__DATA FOR ANALYSIS__.
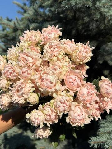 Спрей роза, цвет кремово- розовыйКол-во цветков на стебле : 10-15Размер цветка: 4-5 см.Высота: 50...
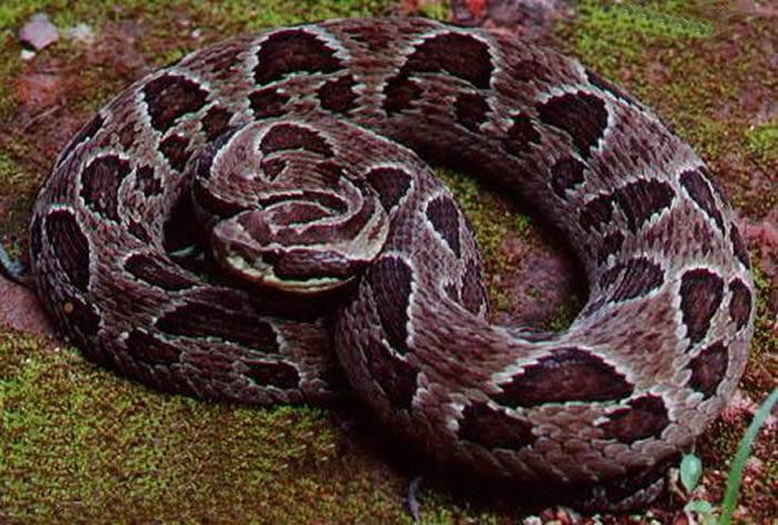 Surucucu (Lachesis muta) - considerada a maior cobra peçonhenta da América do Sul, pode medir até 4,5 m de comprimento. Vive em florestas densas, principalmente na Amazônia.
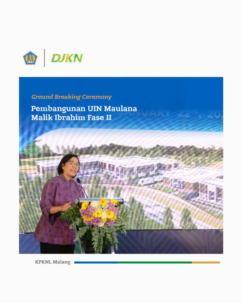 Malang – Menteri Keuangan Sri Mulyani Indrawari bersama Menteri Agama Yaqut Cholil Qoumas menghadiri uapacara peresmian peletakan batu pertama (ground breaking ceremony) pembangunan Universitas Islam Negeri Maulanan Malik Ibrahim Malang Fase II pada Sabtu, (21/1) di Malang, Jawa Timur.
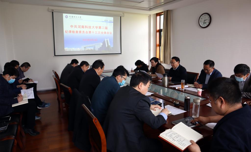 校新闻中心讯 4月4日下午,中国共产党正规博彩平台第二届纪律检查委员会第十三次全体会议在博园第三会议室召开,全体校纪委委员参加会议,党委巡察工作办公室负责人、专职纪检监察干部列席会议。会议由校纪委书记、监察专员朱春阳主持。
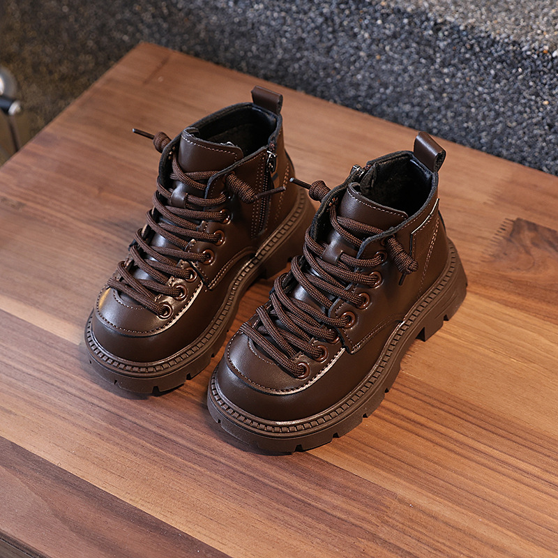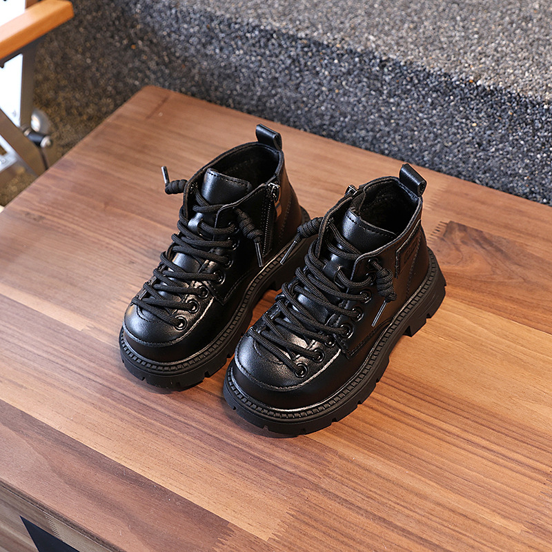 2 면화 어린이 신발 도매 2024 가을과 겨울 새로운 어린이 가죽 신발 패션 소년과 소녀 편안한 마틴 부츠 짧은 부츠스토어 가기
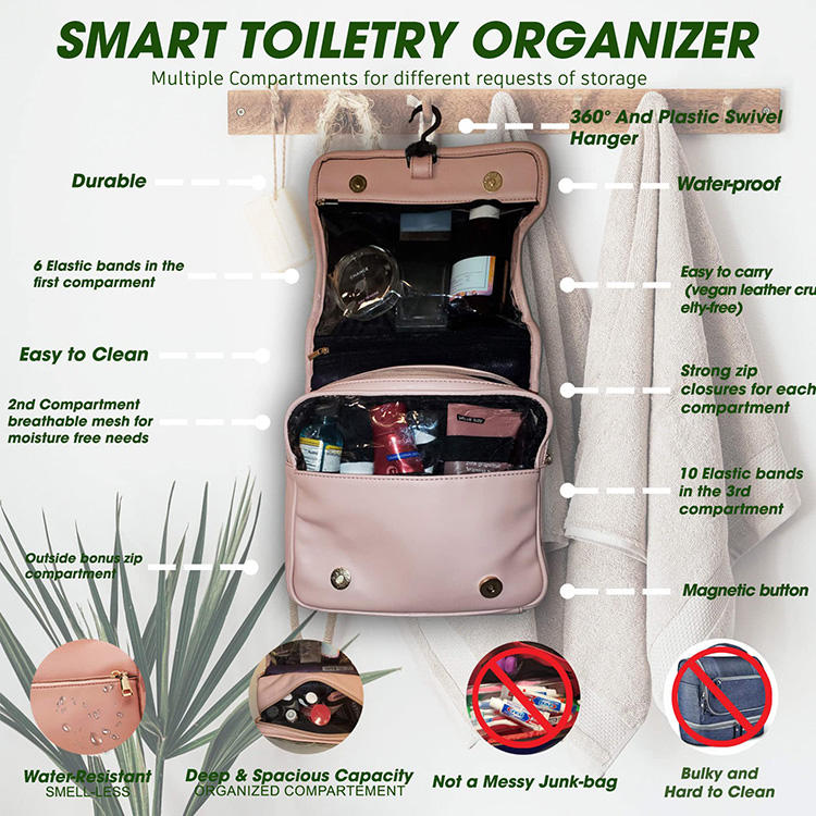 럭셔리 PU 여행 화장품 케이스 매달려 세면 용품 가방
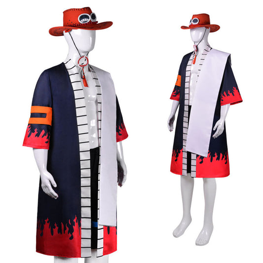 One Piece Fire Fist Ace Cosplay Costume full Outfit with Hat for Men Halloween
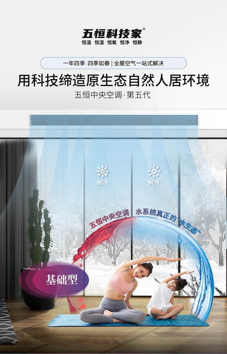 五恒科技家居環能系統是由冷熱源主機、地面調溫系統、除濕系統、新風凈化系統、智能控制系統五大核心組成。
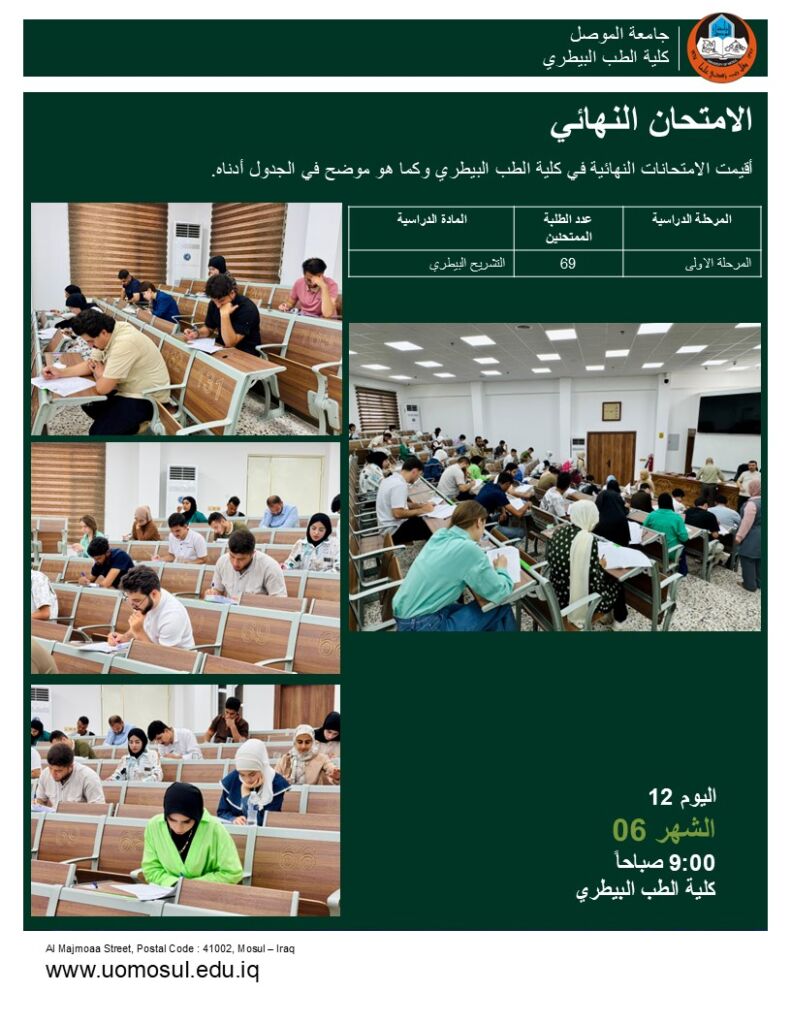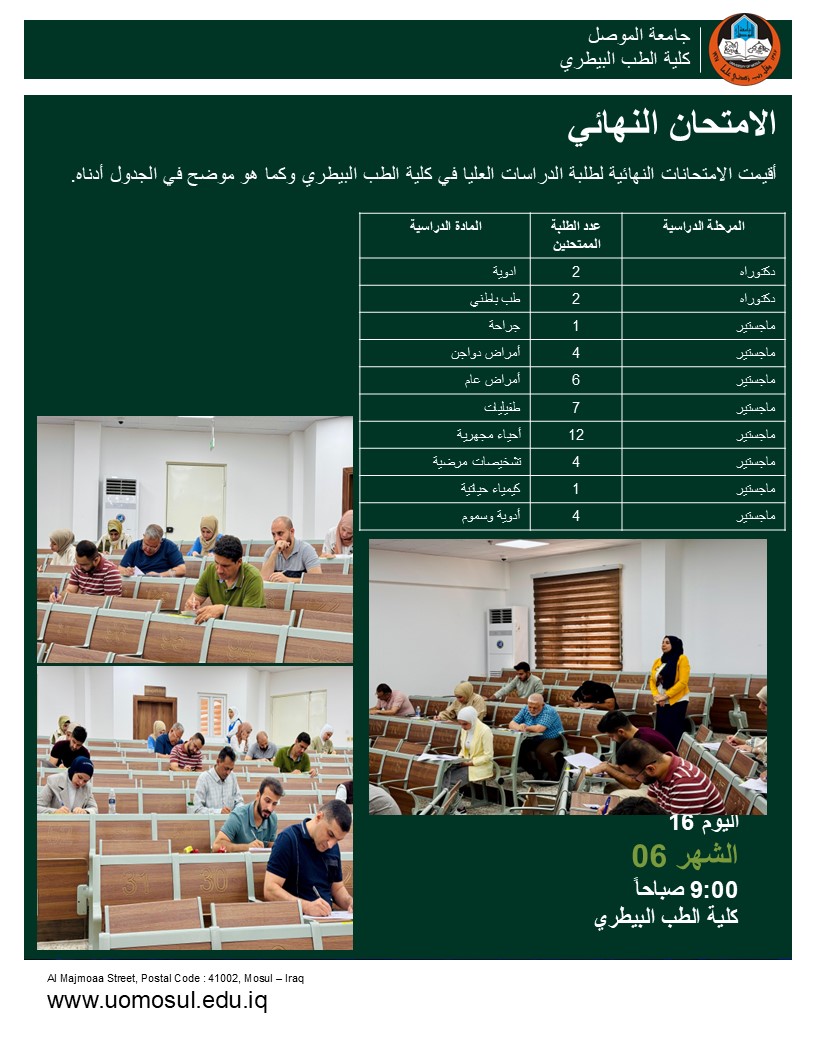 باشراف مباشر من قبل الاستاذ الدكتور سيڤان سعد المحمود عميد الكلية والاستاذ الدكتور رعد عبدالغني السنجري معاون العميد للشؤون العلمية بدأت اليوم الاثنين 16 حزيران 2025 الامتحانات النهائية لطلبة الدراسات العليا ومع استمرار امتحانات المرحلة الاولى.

__WHAT NEEDS TO BE DONE__.
Output precisely the lines in the material above from the line containing "校新闻中心讯 4月4日下午,中国共产党正" through its last line, and omit pictures.

__WRITTEN SOLUTION__.
 校新闻中心讯 4月4日下午,中国共产党正规博彩平台第二届纪律检查委员会第十三次全体会议在博园第三会议室召开,全体校纪委委员参加会议,党委巡察工作办公室负责人、专职纪检监察干部列席会议。会议由校纪委书记、监察专员朱春阳主持。
 2 면화 어린이 신발 도매 2024 가을과 겨울 새로운 어린이 가죽 신발 패션 소년과 소녀 편안한 마틴 부츠 짧은 부츠스토어 가기
 럭셔리 PU 여행 화장품 케이스 매달려 세면 용품 가방
 One Piece Fire Fist Ace Cosplay Costume full Outfit with Hat for Men Halloween
 五恒科技家居環能系統是由冷熱源主機、地面調溫系統、除濕系統、新風凈化系統、智能控制系統五大核心組成。
 باشراف مباشر من قبل الاستاذ الدكتور سيڤان سعد المحمود عميد الكلية والاستاذ الدكتور رعد عبدالغني السنجري معاون العميد للشؤون العلمية بدأت اليوم الاثنين 16 حزيران 2025 الامتحانات النهائية لطلبة الدراسات العليا ومع استمرار امتحانات المرحلة الاولى.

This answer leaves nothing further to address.